Customer interactions run the gamut.

Extremely positive – customers actively participate by suggesting ways to modify your products/services (innovating) and then in advocating on your behalf (selling)

Extremely negative – customers are so upset with your company that they leave as fast as possible, convince others to leave and prevent new customers from even starting to do business with you.  (See more on the power of word of mouth.)

The solution?

Ask:

  • Are you satisfied?  Or would you purchase again?
  • How likely would you be to recommend to your friends/colleagues?  Yes, the famous (some say infamous) NetPromoter question returns again.  The value here is that answering in the affirmative requires the respondent to invest themselves.
  • Would you like someone from the company to contact you about your experience?

Observe:

  • Are survey response rates increasing (good) or decreasing (potentially bad).  A decrease in response rates is indicative of lower engagement and loyalty and could be a precursor to defection.
  • See which companies get feedback after good/bad experiences in this Temkin Group report.

Respond:

  • Companies that fail to respond nullify the survey itself.  They communicate an ambivalence of commitment.  In essence, we want to care (we’ve checked the box), but our inaction should tell you that we don’t.

Customers are the lifeblood of any company.  Lose them and the revenue stream gets disrupted.  So it stands to reason that companies should invest in serving their customers’ needs.  The pivot point in unlocking when customers are ready to leave is to simply ask.  Not all customers will tell you but as Wayne Gretzky once said, “you miss 100% of the shots you never take.”

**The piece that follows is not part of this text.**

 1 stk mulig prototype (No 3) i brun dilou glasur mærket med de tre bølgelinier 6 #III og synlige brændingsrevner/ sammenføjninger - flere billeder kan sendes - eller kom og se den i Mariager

3 Ways to Quantify Customer Service Success

One of the reasons customer service is often relegated to the sidelines is that companies struggle to understand the value of delivering the service itself.  How much better could a company perform if service improved from good to great?

A recent HBR post by Whitney Johnson made me think about how customer service professionals can measure the value they provide.  We aren’t sales people, though we impact revenue.  We aren’t marketers, yet our frequent customer interaction shapes the brand (for better or worse).  Here are 3 ways to define the impact of customer service on company success.

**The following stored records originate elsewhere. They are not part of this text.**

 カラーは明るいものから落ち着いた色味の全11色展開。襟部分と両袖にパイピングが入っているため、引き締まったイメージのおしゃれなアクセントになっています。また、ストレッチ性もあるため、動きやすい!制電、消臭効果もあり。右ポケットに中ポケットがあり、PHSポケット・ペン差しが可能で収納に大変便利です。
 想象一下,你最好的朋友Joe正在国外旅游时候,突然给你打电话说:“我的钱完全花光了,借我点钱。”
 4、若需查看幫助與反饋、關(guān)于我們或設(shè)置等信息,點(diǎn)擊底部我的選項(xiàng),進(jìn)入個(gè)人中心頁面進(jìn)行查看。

  1. Renewal Rates – When customers continue to purchase a subscription (in the case of SaaS) or maintenance (in more conventional software license models) they are literally voting with their wallets.  An improvement in renewal rates increases the customer lifetime value and translates directly to profitability.
  2. Satisfaction or Loyalty Scores – All companies should measure customer perception of their organization, its products, and services.  Whether the measure is a customer satisfaction (CSAT) or loyalty through a measure like NetPromoter Scores, it is imperative to track changes in customer feedback.  Even the rate of response is something to measure since a decrease in response rate could signify a weakening loyalty to your company and its products.
  3. Referral Rates – When customers stake their reputation on your products/services you have achieved a level of loyalty that helps your sales team in future prospecting.  This premise is so important that companies will go to great lengths to ensure their first customers are true fanatics.

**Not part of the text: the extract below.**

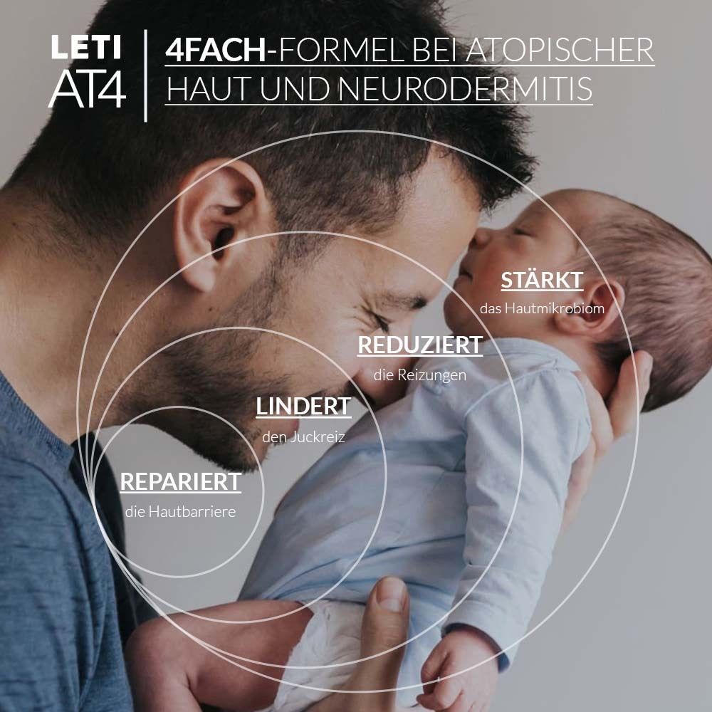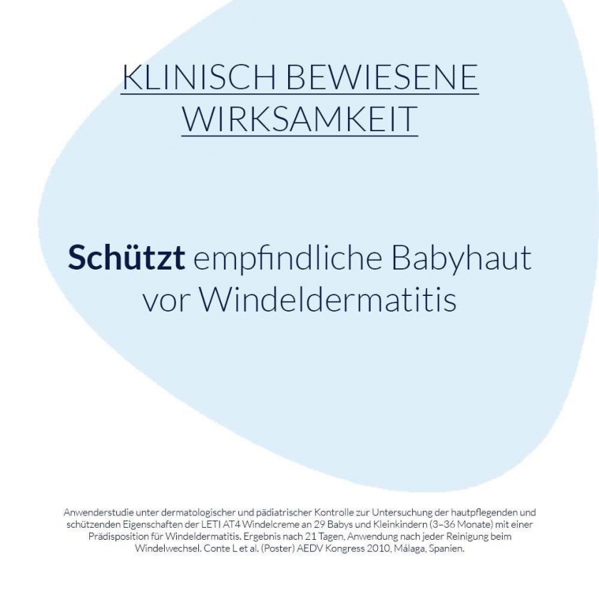 LETI AT4 Windelcreme - специальная крем-паста для ухода за кожей в области подгузников у младенцев и детей. Образует защитный барьер, впитывает излишнюю влагу, снимает воспаление и восстанавливает кожный барьер. Подходит для детей с 3 месяцев, особенно при сухой коже и склонности к нейродермиту. Не содержит парабенов, протестирована дерматологически и педиатрически.

A word of cautionthese measures cannot be used in isolation and must be used together.

  • High renewal rates with low satisfaction measures indicate that you have customers firmly in your grasp, but that customers want to escape as soon as possible.
  • High satisfaction rates coupled with low renewal rates may signify that your products/services are becoming less relevant in the marketplace.

The pivot point is that when customers tell us and others about their satisfaction and follow-up by renewing services/products, then we can be confident we are adding value.  Measuring the attributes above is a good start to gaining insight into the size and scope of the value.

What measures have you found useful to use when trying to quantify value?